[Records contained in a dataset]

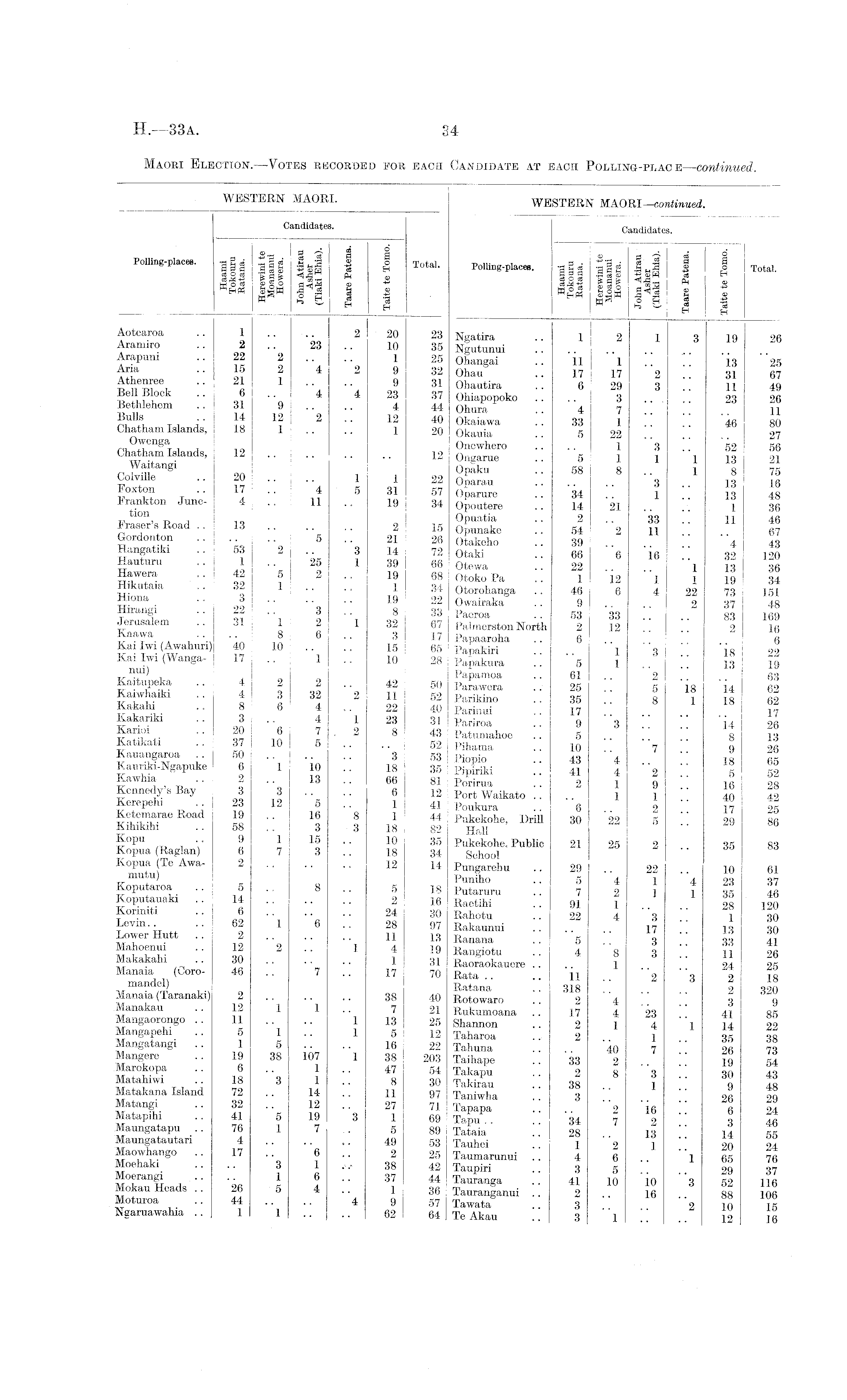 WESTERN MAORI. Candidates. © 2 g | Polling-places. -g | g ~gg $ £ Total. « S £ .3 S S ® H =5 & SS-3 is g s= * ® M °S £ o£ £ « saw .a a s K s g B I -3 — B H Aotearoa .. 1 .. .. 2 " 20 23 Aramiro .. 2 23 10 35 Arapuni .. 22 2 .. 1 25 Aria 15 2 4 2 9 32 Athenree .. 21 1 .. 9 31 Bell Block .. 6 4 4 23 37 Bethlehem .. 31 9 .. 4 44 Bulls . . 14 12 2 12 40 Chatham Islands, 18 1 .. 1 20 Owenga Chatham Islands, 12 .. .. .. .. 12 Waitangi Colville .. 20 .. 1 1 22 Foxton .. 17 4 5 31 57 Prankton June- 4 11 19 34 tion Fraser's Road .. 13 .. .. .. 2 15 Gordonton .. .. .. 5 .. 21 26 Hangatiki . . 53 2 3 14 72 Hauturu . . 1 25 1 39 66 Hawera .. 42 5 2 19 68 Hikutaia .. 32 1 .. 1 34 Hiona .. 3 .. .. .. 19 22 Hirangi .. 22 3 8 33 Jerusalem 31 1 2 1 32 67 Kaawa .... 8 6 3 17 Kai Iwi (Awahuri) 40 10 .. 15 65 Kai Iwi (Wanga- 17 1 10 28 nui) Kaitupeka .. 4 2 2 42 50 Kaiwhaiki .. 4 3 32 2 11 52 Kakahi .. 8 6 4 22 40 Kakariki .. 3 4 1 23 31 Karioi .. 20 6 7.2 8 43 Katikati .. 37 10 5 .. 52 Kauangaroa .. 50 .. .. .. 3 53 Kauriki-Ngapuke 6 1 10 18 35 Kawhia ., 2 13 66 81 Kennedy's Bay 3 3 .. 6 12 Kerepehi .. 23 12 5 1 41 Ketemarae Road 19 16 8 1 44 Kihikihi .. 58 3 3 18 82 Kopu .. 9 1 15 10 35 Kopua (Raglan) 6 7 3 18 34 Kopua (Te Awa- 2 . . .. .. 12 14 mutu) Koputaroa .. 5 8 5 18 Kopu tana ki .. 14 .. .. .. 2 16 Koriniti .. 6 .. .. .. 24 30 Levin.. .. 62 1 6 28 97 Lower Hutt .. 2 .. .. 11 13 Mahoenui .. 12 2 I 4 19 Makakahi .. 30 .. .. .. 1 31 Manaia (Coro- 46 7 17 70 mandel) Manaia (Taranaki) 2 .. .. .. 38 40 Manakau .. 12 1 1 7 21 Mangaorongo .. 11 .. .. 1 13 25 Mangapehi .. 5 1 1 5 12 Mangatangi . . 1 5 .. 16 22 Mangere .. 19 38 107 1 38 203 Marokopa .. 6 1 47 54 Matahiwi .. 18 3 1 8 30 Matakana Island 72 .. 14 .. II 97 Matangi .. 32 12 27 71 Matapihi 41 5 19 3 1 69 Maungatapu .. 76 1 7 5 89 Maungatautari 4 .. .. .. 49 53 Maowhango .. 17 6 2 25 Moehaki .... 3 1 38 42 Moerangi .. .. 1 6 37 44 Mokau Heads .. 26 5 4 1 36 Moturoa .. 44 .. 4 9 57 ' Ngaruawahia .. 1 1 .. .. 62 64 1
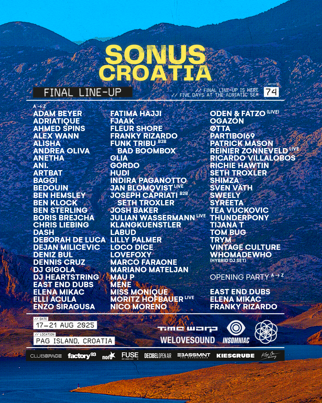 Los socios de la marca también han subido de nivel, contando en esta edición con un colaborador nacional, el club madrileño The Bassement y otros agentes de la escena internacional como Decibel Open Air de Italia, el grupo de fiestas Kiesgrube de Düsseldorf y los favoritos de Ibiza Keep On Dancing como anfitriones, uniéndose a los previamente anunciados Space Miami, Factory 93 de Los Ángeles, FUSE de Londres y Nordstern para una serie de tomas de escenario. Todo esto se suma a la ecléctica lista de cabezas de cartel que Sonus Croacia 2025 ya había confirmado: Adam Beyer, Anetha, ARTBAT, Ben Klock, Boris Brejcha, Deborah De Luca, DJ HEARTSTRING, Indira Paganotto, Joseph Capriati b2b Seth Troxler, Miss Monique, Reinier Zonneveld live, Ricardo Villalobos, Richie Hawtin, Sven Väth y muchos más.
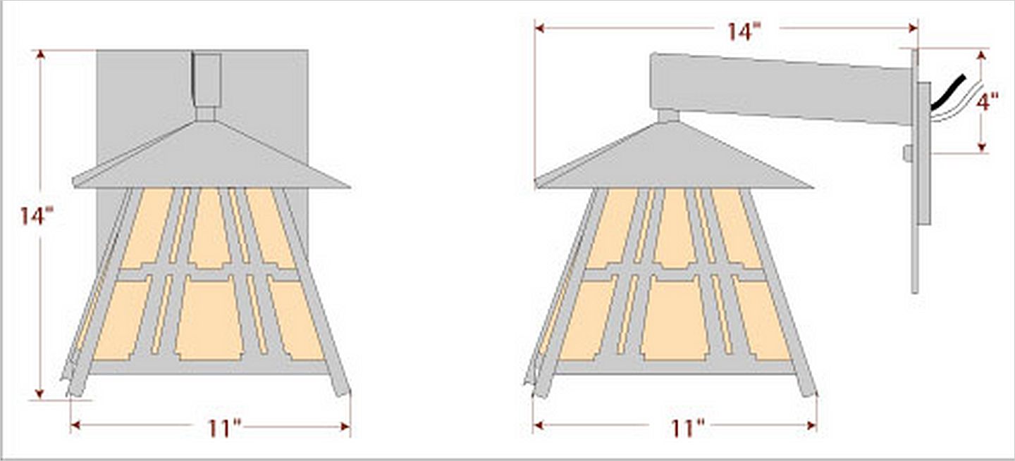 The Smoky Mtn Sconce Large - Eastlake fixture is UL-rated for indoor and outdoor locations. Our exclusive mission-style artwork is displayed on all four panels. The fixture has a steel frame, and comes with a diffuser material choice between Almond or Amber mica. The sconce is hardwire only, and attaches to the wall with a 4.5 inch square pan. This craftsman-styled sconce will bring warm lighting and character to any cottage, home, or mission-styled room.
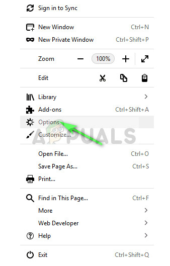 - Open Firefox, open the menu icon present on the top-right side and select “Options”.
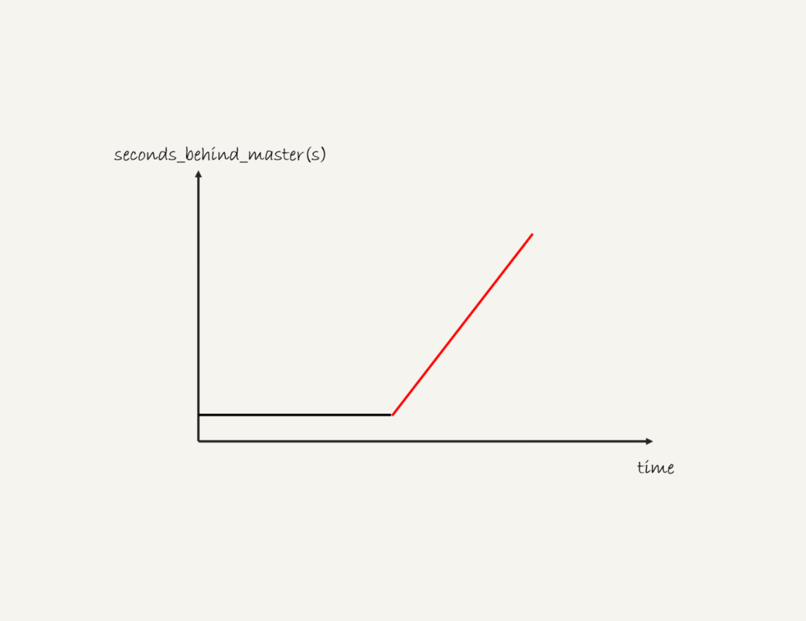 假设,现在你看到你维护的一个备库,它的延迟监控的图像类似图6,是一个45°斜向上的线段,你觉得可能是什么原因导致呢?你又会怎么去确认这个原因呢?

## Your objective:
If pictures appear, drop them, and retype exactly the lines from the "- Open Firefox, open" line through the last line of the data above.

## Solved problem:
 - Open Firefox, open the menu icon present on the top-right side and select “Options”.
 假设,现在你看到你维护的一个备库,它的延迟监控的图像类似图6,是一个45°斜向上的线段,你觉得可能是什么原因导致呢?你又会怎么去确认这个原因呢?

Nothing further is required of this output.